Data items
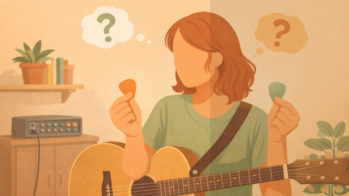 Do you prefer a thin, flexible pick for feel and flow, or a thick, stiff one for control and attack?
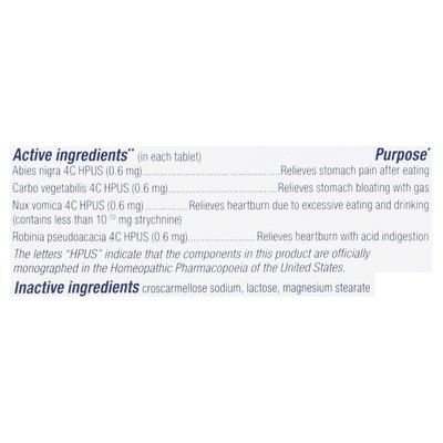 INGREDIENTS: In Each Tablet (C, K, CK, and X are homeopathic dilutions: See BoironUSA.com/info for details): Active Ingredients: *Abies Nigra 4C HPUS (0.6 mg), Relieves Stomach Pain After Eating (Claims based on traditional homeopathic practice, not accepted medical evidence. Not FDA evaluated); *Nux Vomica 4C HPUS (Contains Less than 10 to the Power of -9 mg Strychnine) (0.6 mg), Relieves Heartburn Due to Excessive Eating and Drinking (Claims based on traditional homeopathic practice, not accepted medical evidence. Not FDA evaluated); *Nux Vomica 4C HPUS (Contains Less than 10 to the Power of -9 mg Strychnine) (0.6 mg), Relieves Heartburn Due to Excessive Eating and Drinking (Claims based on traditional homeopathic practice, not accepted medical evidence. Not FDA evaluated); *Robinia Pseudoacacia 4C HPUS (0.6 mg), Relieves Heartburn with Acid Indigestion (Claims based on traditional homeopathic practice, not accepted medical evidence. Not FDA evaluated). Inactive Ingredients: Croscarmellose Sodium, Lactose, Magnesium Stearate. *The letter 'HPUS' indicate that the components in this product are officially monographed in the Homeopathic Pharmacopoeia of the United States.
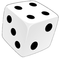 Similarly, if we roll a six-sided die ("die" is the singular of dice), the probability of rolling a one, or any one of the six numbers, as long as we specify it first, is one out of 6, or 1:6 or $\frac{1}{6}.$
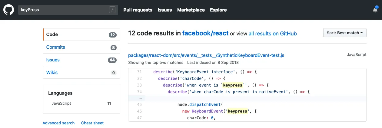 这边我们用 keyPress 来当关键字,出现了 12 笔结果:
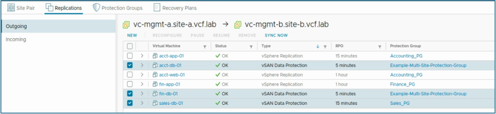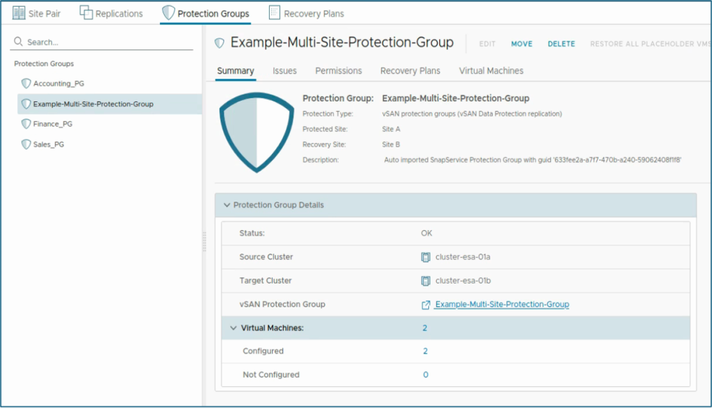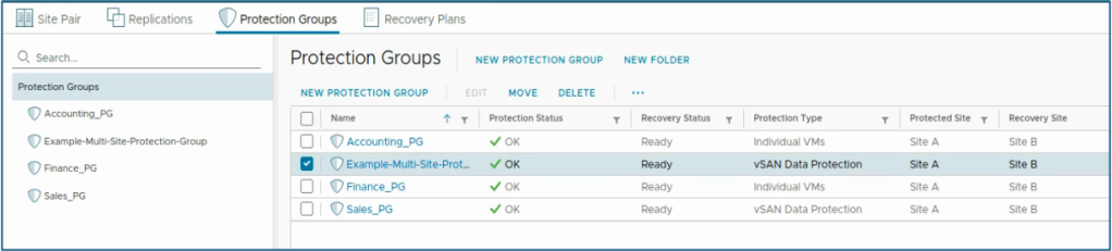 If we switch our view to this interface, you will see this is shown below for our “Example-Multi-Site-Protection-Group” policy that has been imported into the protection group inventory along with existing protection groups defined solely within the protection and recovery orchestration UI.
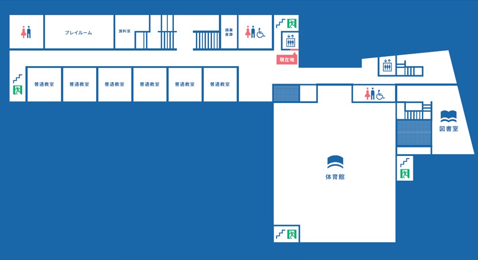 3階の西側には小学校低学年の普通教室とプレイルームがあります。プレイルームには、マットやブロックなどが設置されています。低学年を中心に利用することを想定しています。東側には2階から続く図書室と、体育館があります。体育館には上靴でそのまま入り、活動することができます。
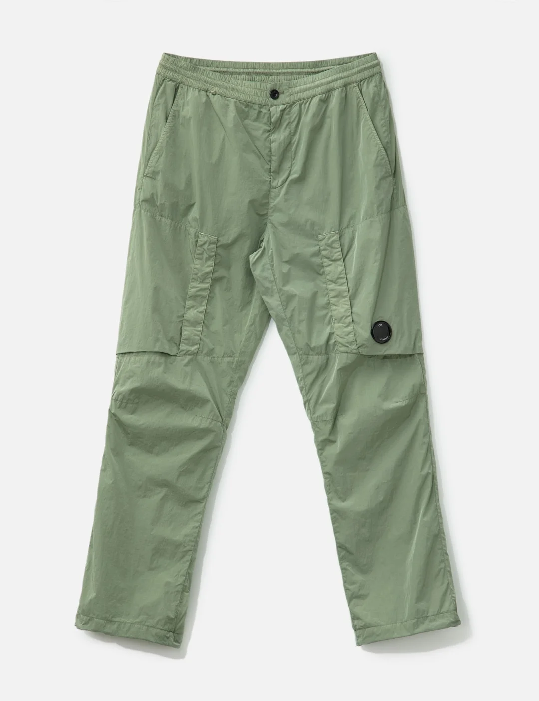 - C.P. Company - Chrome-R Lens Cargo Pants - Made in Chrome-R, a 100% recycled nylon - Shinny surface - Regular fit - Garment dyed - Adjustable drawstring waistband - Button and zip closure - Side pockets - Cargo flap snap pockets with Lens detail - Back flap snap pocket with applied label - Adjustable drawstring hems - Mesh lining - Color: Seagrass - Material: 100% Polyamide; Lining: 100% Polyamide - See more Pants and Clothing - Model wears size 48 - Model measures: Height 186cm, Chest 34”/86cm, Waist 28”/71cm, Hip 36”/91cm - Vendor Code: 19CMPA152A-005904G
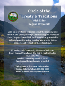 Please see the updated date for Tsuut’ina Health & Wellness’ Circle of the Treaty & Traditions event featuring Elder Regena Crowchild.
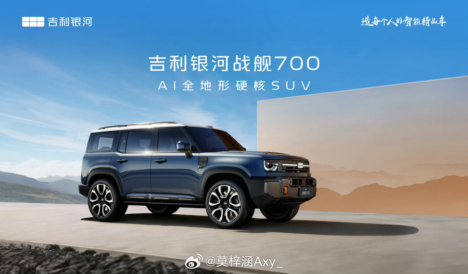 吉利全地形硬核SUV命名官宣吉利首款AI全地形硬核SUV正式定名“吉利银河战舰700”!延续了吉利对硬核车型的命名逻辑(如概念车“银河战舰”),数字“700”体现性能定位,同时暗示未来可能推出“800”“900”等更高级别车型。搭载AI数字底盘,4毫秒极速响应地形变化,支持纯电、混动、增程三模式自动切换;GVMC动态控制系统实现80km/h麋鹿测试,创硬派SUV纪录。具备全地形通过能力,兼顾硬核越野性能与智能电动体验。大v聊车汽场全开
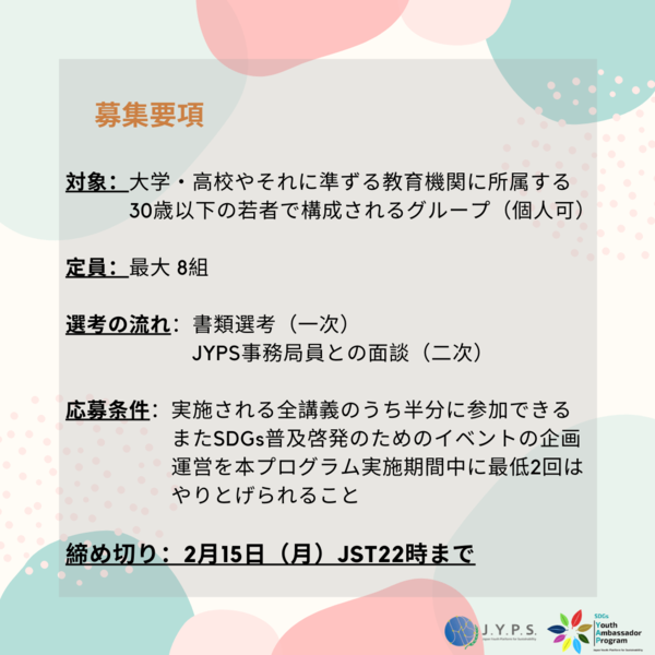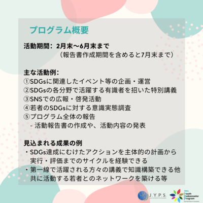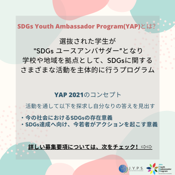 【JYPS事務局主催:SDGs Youth Ambassador Program 2021】アンバサダー募集
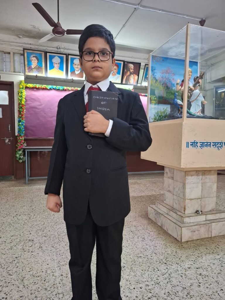 Shardul Kekare (Std. IV C) of PTVEMS (Primary) dressed like Dr Babasaheb Ambedkar recited a poem in Marathi and also sang the following song:
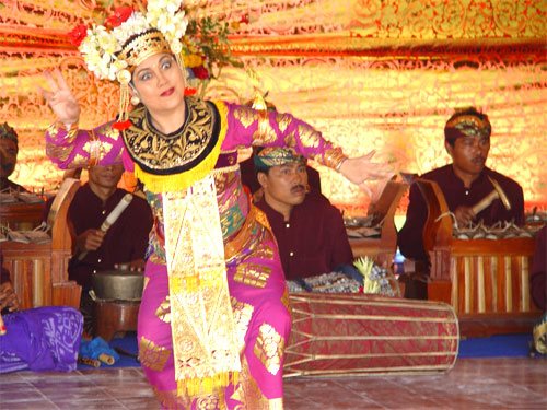 The last evening featured the female equivalent to the "Genjek". The traditional name is "Joged Bumbung". The dancers were elaborately dressed in gold fabric and their female coyness mixed with choreographed movement evolved, as with the genjek, into seaching the audience for an honored "chosen one". The object here is to find a way to physically touch the dancer, the problem is that she is armed with a fan that she skillfully uses as a physical advancement deterant. The music would rise and fall and reflect the movement of both parties creating a sureal battle of music and dance. Some locals who were familiar with the ceremony of dance protocol would entice and trick the dancers and eventually enact a ritualistic beating. The dancer would stay in a stagnant submissive pose on the ground and the crowd would revel in the cunning of the triumphant aggressor. Throughout the evening, the dancers strategically brought up all participating artists and masters from abroad to dance with them. The effect was an awe inspiring melding of the multi-cultural which transcended and broke all artistic barriers. This cultural practice of Joged Bumbung seemed to be a favorite of the locals and foreigners alike which bonded everyone into a multi-cultural village of world cultures.
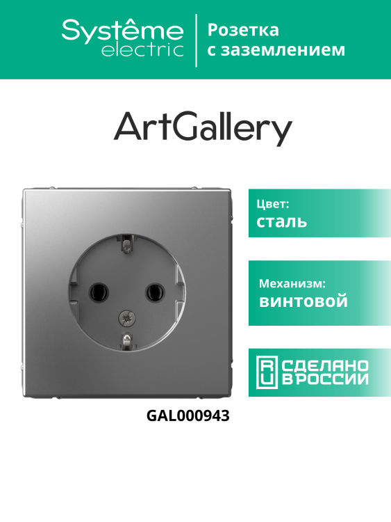 Механизм Systeme Electric серии ArtGallery в цвете сталь розетки одинарной с заземлением и без шторок подходит для сетей 250 В, на ток 16 А.
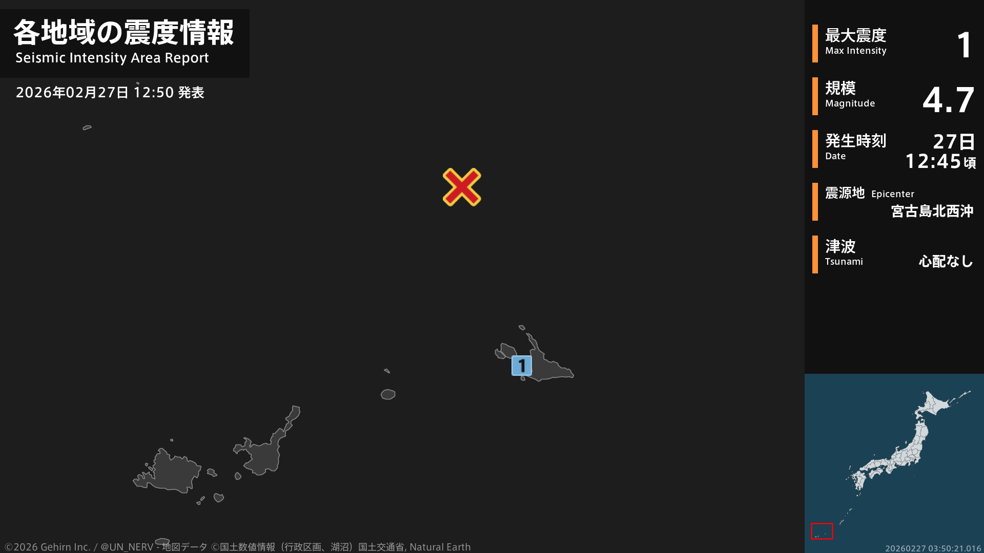 【緊急地震速報 第1報 2026年2月27日】
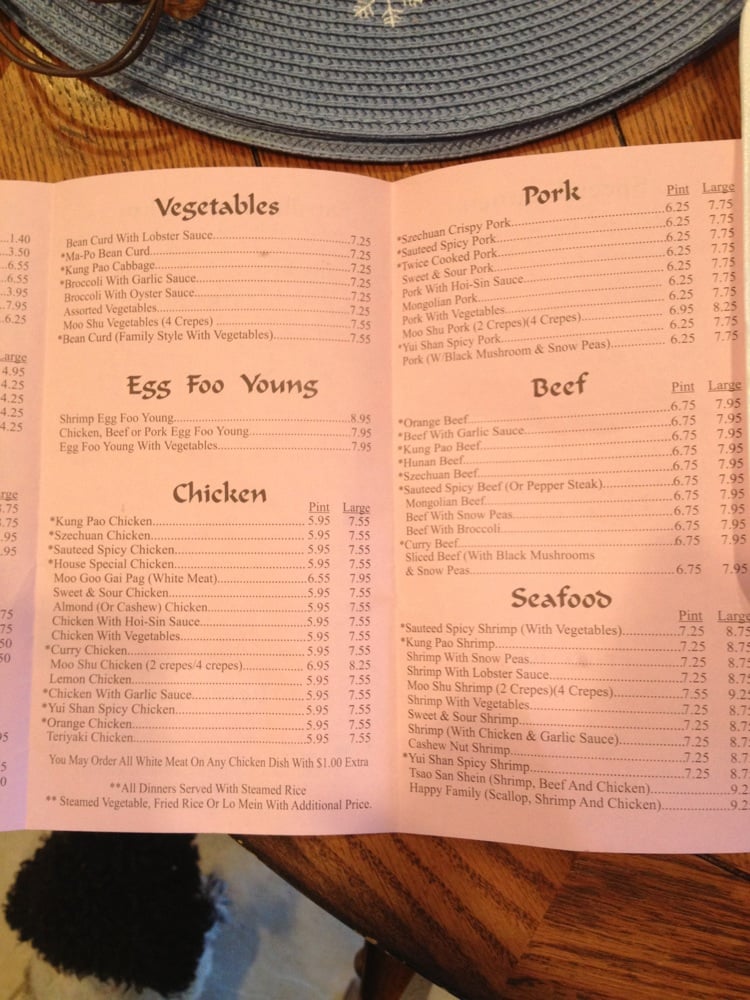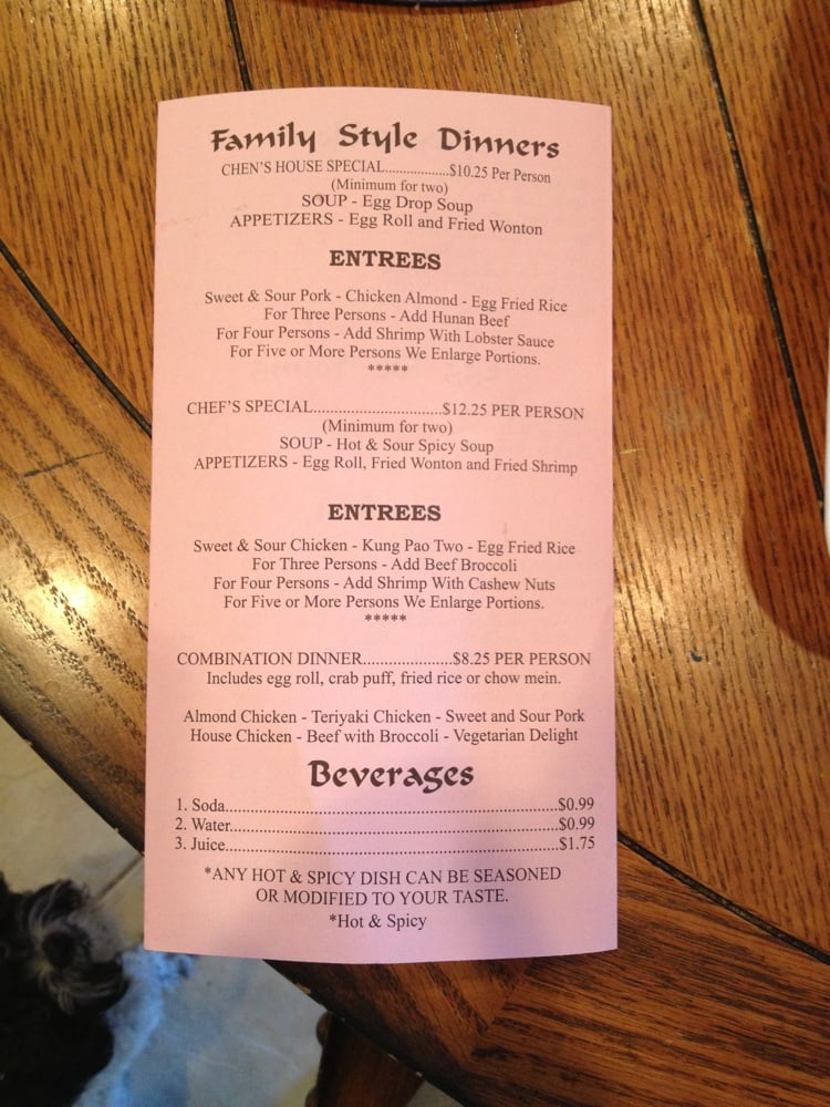 Soup - hot & sour spicy soup. Appetizers - egg roll, crab puffs and fried shrimp. Entrées - sweet & sour chicken - kung pao two - egg fried rice. For three persons - add beef broccoli. For four persons - add shrimp with cashew nuts. For five or more persons, we enlarge portions.

[THE TASK]: Only the lines from the one with "Механизм Systeme Electric" through the final line of the entries above are to be repeated, exactly as written and without pictures.

[TASK SOLUTION]:
 Механизм Systeme Electric серии ArtGallery в цвете сталь розетки одинарной с заземлением и без шторок подходит для сетей 250 В, на ток 16 А.
 【緊急地震速報 第1報 2026年2月27日】
 Soup - hot & sour spicy soup. Appetizers - egg roll, crab puffs and fried shrimp. Entrées - sweet & sour chicken - kung pao two - egg fried rice. For three persons - add beef broccoli. For four persons - add shrimp with cashew nuts. For five or more persons, we enlarge portions.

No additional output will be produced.